For a given tissue or cell-type, and for a given (set of) specie(s), publicly available scRNA-seq data of the given category are mixed and fed into the autoencoder to pretrain a model. If only human data is available, only the human and shared sub-network weights are updated. Similarly, if only mouse data are available, only the mouse and shared sub-network weights are updated. Although SAVER-X can only denoise UMI counts, it can use both UMI and non-UMI datasets for pretraining. To adjust for the differences between data generated using non-UMI- and UMI-based technologies, an indicator node at the input layer feeds into each sub-network. For UMI datasets, the input expression levels are normalized by library size, re-scaled and log-transformed using formula: ${\tilde{Y}}_{g c} = log (Y_{g c} / l_{c} \times 10000 + 1)$ with $l_{c} = \sum_{g} Y_{g c}$ . For non-UMI datasets, TPM for each cell c and gene g are denoted as Y_cg, and then the Y_cg are transformed using the same formula as that for UMI. We use the negative log-likelihood function of the data as the loss function of our autoencoder. For UMI counts, based on our hierarchical model, Y|Λ follows a Negative Binomial distribution. Thus, for each cell c in one dataset, the loss function is:

L (Y_{\cdot c}, Λ_{\cdot c}) = \sum_{autoencoder node g measured in the dataset} log [NB (Y_{g c}; l_{c} Λ_{g c}, θ_{g}^{U})] .

On the other hand, for the non-UMI TPM data, Y|Λ is assumed to approximately follow a zero inflated Negative Binomial distribution (although TPM is not integer-valued, the likelihood function can still be computed) and the loss is:

L (Y_{\cdot c}, Λ_{\cdot c}) = \sum_{autoencoder node g measured in the dataset} log [ZINB (Y_{g c}; l_{c} Λ_{g c}, θ_{g}^{N U}, π_{g c})]

Here NB(x; μ, θ) and ZINB(x; μ, θ, π) are the densities of Negative Binomial and zero-inflated Negative Binomial distribution (see Supplementary Note 3). A separate gene-specific dispersion parameter $θ_{g}^{U}$ and $θ_{g}^{N U}$ is dedicated for UMI and non-UMI input, respectively. For non-UMI data, the gene- and cell-specific zero inflation parameter is defined as

\frac{π_{g c}}{1 - π_{g c}} = w_{g} log Λ_{g c} + b_{g}

Where w_g and b_g are gene-specific unknown coefficients. SAVER-X only transfers the gene-gene relationship weights, and does not transfer the over-dispersion nor zero inflation parameters. Our implementation of the autoencoder utilizes the library functions of DCA⁴.

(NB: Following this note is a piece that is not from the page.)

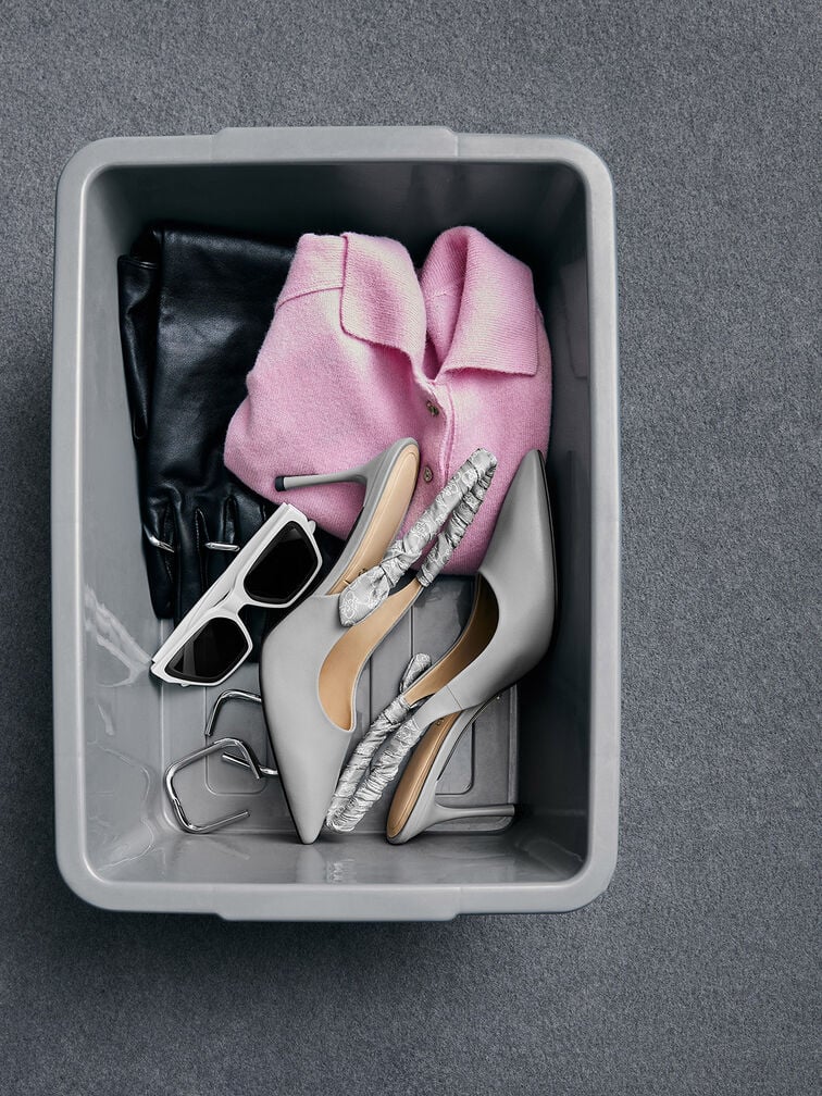 If you are looking for a pair of work-appropriate shoes that is elegant and understated at once, these Tully pumps in cool-tone grey may be it. They feature an elongated, pointed-toe design that creates a leg-lengthening and polished silhouette, while the eye-catching ruched slingback straps add a distinctive detail that sets them apart from your usual pair. Set on stiletto heels, they promise a height boost that will work well with most work outfits, from pantsuits to dresses.

Cross-validation and filtering for unpredictable genes

When training the autoencoder on a target UMI dataset to get the prediction matrix $\hat{Λ}$ , cross-validation is applied to filter out genes that cannot be predicted accurately by the autoencoder. Specifically, the target data is randomly split into held-in and held-out cell sets, the autoencoder is trained on the held-in set and then used to make predictions on the held-out set. We compare the performance of the autoencoder with a completely null model where the gene expression in every cell is predicted by their means across cells. For a specific gene g, let the held-in sample mean for the library-size normalized counts be μ_g. Then a gene is unpredictable if the Poisson deviance of the autoencoder is larger than that of the null model, equivalently:

- \sum_{c is a held - out cell} [Y_{g c} log (l_{c} {\hat{Λ}}_{g c} + ε) - l_{c} {\hat{Λ}}_{g c}] > - \sum_{c is a held - out cell} [Y_{g c} log (l_{c} μ_{g} + ε) - l_{c} μ_{g}]

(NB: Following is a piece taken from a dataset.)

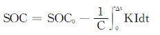 SOC估算采用了开路电压和安时 积分相结合的估算方法,对SOC估算精度的影响因素众多,温度、放电电流、循环次数等都会带来误差,有一种SOC估算公式:
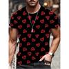 Летний топ с круглым вырезом и 3D-принтом в виде сердец, модная повседневная мужская футболка с коротким рукавом

where ε = 10⁻¹⁰ to avoid taking the log of zeros. For the unpredictable genes that are identified by cross-validation, their predictions are replaced with the null model prediction, which are the sample means of library size normalized UMI counts for every gene.

Empirical Bayes Shrinkage

After estimating $\hat{Λ}$ , the final denoised matrix $\hat{X}$ of SAVER-X is obtained by empirical Bayes shrinkage based on the hierarchical model:

Y_{g c} ~ Poisson (l_{c} X_{g c}), X_{g c} ∣ Λ_{g c} ~ Gamma (Λ_{g c}, θ_{g} Λ_{g c}^{2})

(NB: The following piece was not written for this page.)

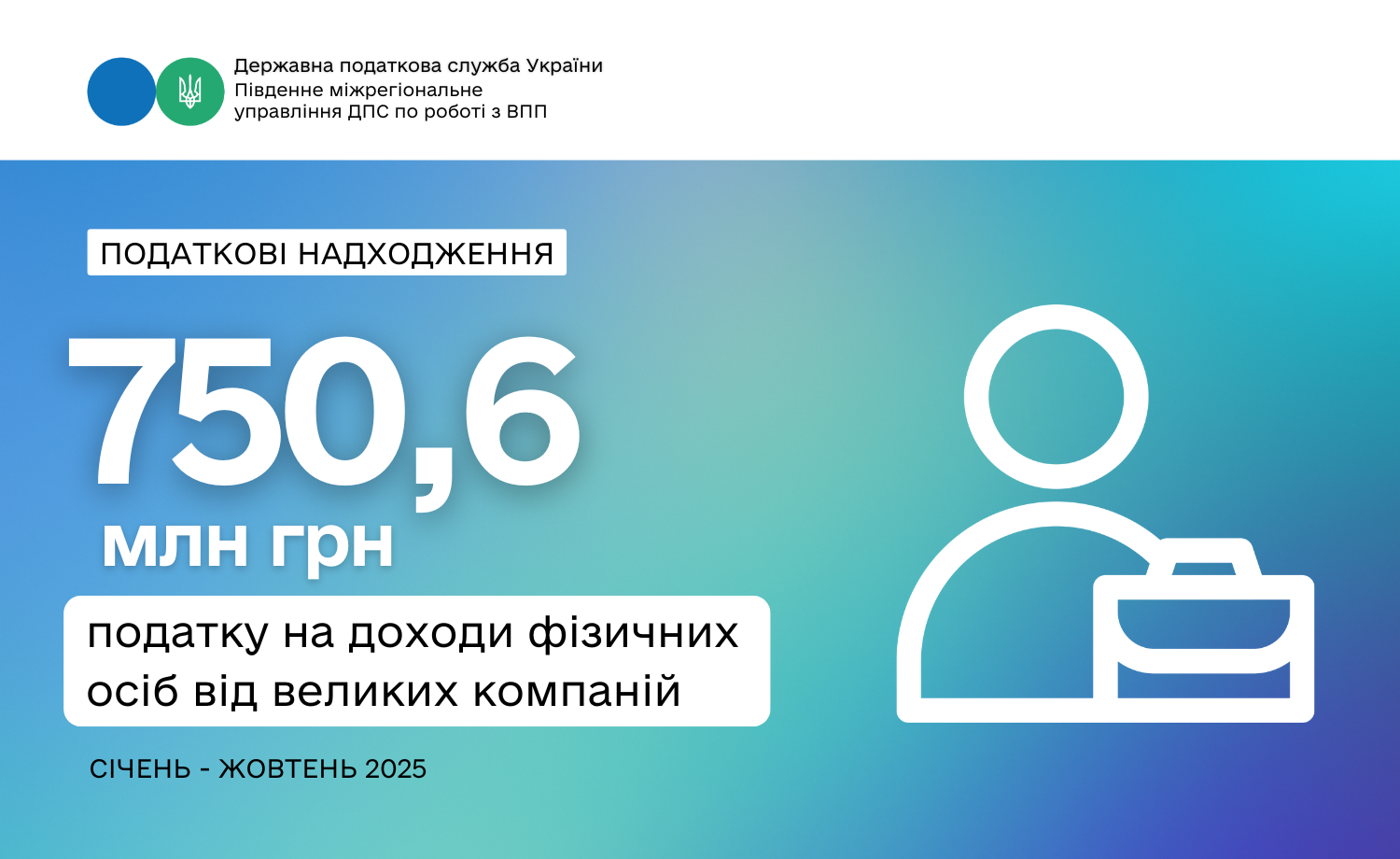Великі компанії, що перебувають на обліку у Південному міжрегіональному управлінні ДПС по роботі з великими платниками податків, продовжують демонструвати стабільність і соціальну відповідальність. За січень–жовтень 2025 року вони перерахували до бюджету 750,6 млн грн податку на доходи фізичних осіб (ПДФО).

We replace the unknown Λ_gc with the estimated ${\hat{Λ}}_{g c}$ and estimate θ_g for each gene by maximum likelihood. The final denoised value ${\hat{X}}_{g c}$ is the posterior mean of X_gc, which is an inverse-variance weighted average:

{\hat{X}}_{g c} = \frac{σ_{2 g}^{2}}{σ_{1 g}^{2} + σ_{2 g}^{2}} \frac{Y_{g c}}{l_{c}} + \frac{σ_{1 g}^{2}}{σ_{1 g}^{2} + σ_{2 g}^{2}} {\hat{Λ}}_{g c}

where $σ_{1 g}^{2} = \hat{Var} (Y_{g c} / l_{c}) = {\hat{Λ}}_{g c} / l_{c}$ and $σ_{2 g}^{2} = \hat{Var} (X_{g c} ∣ Λ_{g c}) = {\hat{θ}}_{g} {\hat{Λ}}_{g c}^{2}$ . SAVER-X also outputs the posterior variance of each X_gc.

Data denoising using other bench-marking methods

MAGIC³ was performed using the R version 1.3.0 on the square root transformed mean library-size normalized expression. scImpute² version 0.0.9 was performed on the unnormalized expression values. The tuning parameter Kcluster is set to 9 for the PBMC data¹⁵, set to 11 for the CITE-seq data, and set to 13 for the human midbrain data. DCA⁴ version 0.2.2 was performed on the unnormalized expression values and the library-size normalized expression output was used for downstream analysis. scVI⁶ version 0.2.4 was performed with n_epochs = 400, traing_size = 0.9, frequency = 5 and lr = 1e-3 and all genes being used.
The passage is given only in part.